Welcome to the latest issue of the State of AI, an editorialized newsletter that covers the key developments in AI policy, research, industry, and start-ups during the month of April 2026. First up, a few news items:

Register for RAAIS 2026 is back in London on June 12. This year’s speakers include Raia Hadsell (VP Research, Google DeepMind), Roberta Raileanu (Senior Staff Research Scientist, Google DeepMind), Jeff Hawke (Co-Founder & CTO, Odyssey), and Philip Johnston (Co-Founder & CEO, Starcloud - yes, data centers in space). Come along and support the RAAIS Foundation’s mission in AI education and research.
Portfolio news! Profluent (frontier AI for bio) announced their $2.25B partnership with Lilly for large-gene insertion therapeutics and Sereact (embodied AI) closed a $110M Series B!
Air Street AI meetups are coming up in NYC on May 14.
We’re recruiting Research Analysts for the State of AI Report.
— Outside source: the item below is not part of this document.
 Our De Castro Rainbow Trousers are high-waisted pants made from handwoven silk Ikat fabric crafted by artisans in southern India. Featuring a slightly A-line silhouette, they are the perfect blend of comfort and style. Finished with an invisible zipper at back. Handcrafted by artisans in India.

If you live and breathe this stuff and want to help us build the next edition, get in touch.

I love hearing what you’re up to, so just hit reply or forward to your friends :-)

Cyber crossed a threshold

Frontier AI has crossed the rubicon into offensive cyber operations. The UK’s AI Security Institute revealed that Anthropic’s Claude Mythos Preview is the first model to clear its 32-step “The Last Ones” (TLO) range - a corporate-network simulation covering reconnaissance to full domain takeover that typically demands 20 hours of human red-teaming. Mythos cleared the range in 3 of 10 runs and maintained a 73% success rate on expert-level tasks. Crucially, the AISI range lacks active defenders or defensive tooling; as such, these evaluations do not yet prove efficacy against hardened targets. The Institute was candid: current benchmarks are failing to discriminate between frontier models without introducing adversarial defensive layers.
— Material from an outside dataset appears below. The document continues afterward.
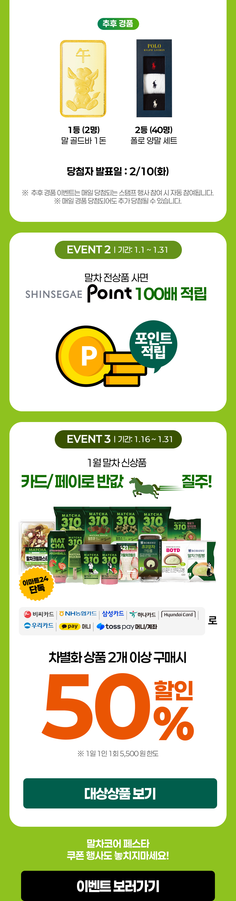 - 추후 추첨 이벤트는 이벤트 종료 후 2/10(화) 당첨자발표 페이지에서 확인 부탁드립니다.

OpenAI’s GPT-5.5 followed just three weeks later with a near-identical capability profile: 2 of 10 end-to-end solves and 71.4% on expert tasks, carrying the same “defenders-absent” caveat. The headline takeaway is the velocity of progress: AISI now estimates frontier cyber-offence capability is doubling every four months, accelerating from a seven-month doubling rate at the close of 2025. The notion that AI-driven offence is a distant prospect has effectively been liquidated by the data.

The public cybersecurity cohort remains remarkably sluggish in pricing this acceleration. Static-signature and rules-based vendors face an existential crisis: their moats are being outpaced by an offensive AI loop that renders legacy detection obsolete. While integrated XDR platforms like CrowdStrike, Palo Alto, and Microsoft Defender hold the orchestration layer defensive agents will require, their survival hinges on shipping AI-native architectures rather than retrofitting legacy stacks. For now, the public market is treating the entire cyber sector as an AI laggard until proven otherwise.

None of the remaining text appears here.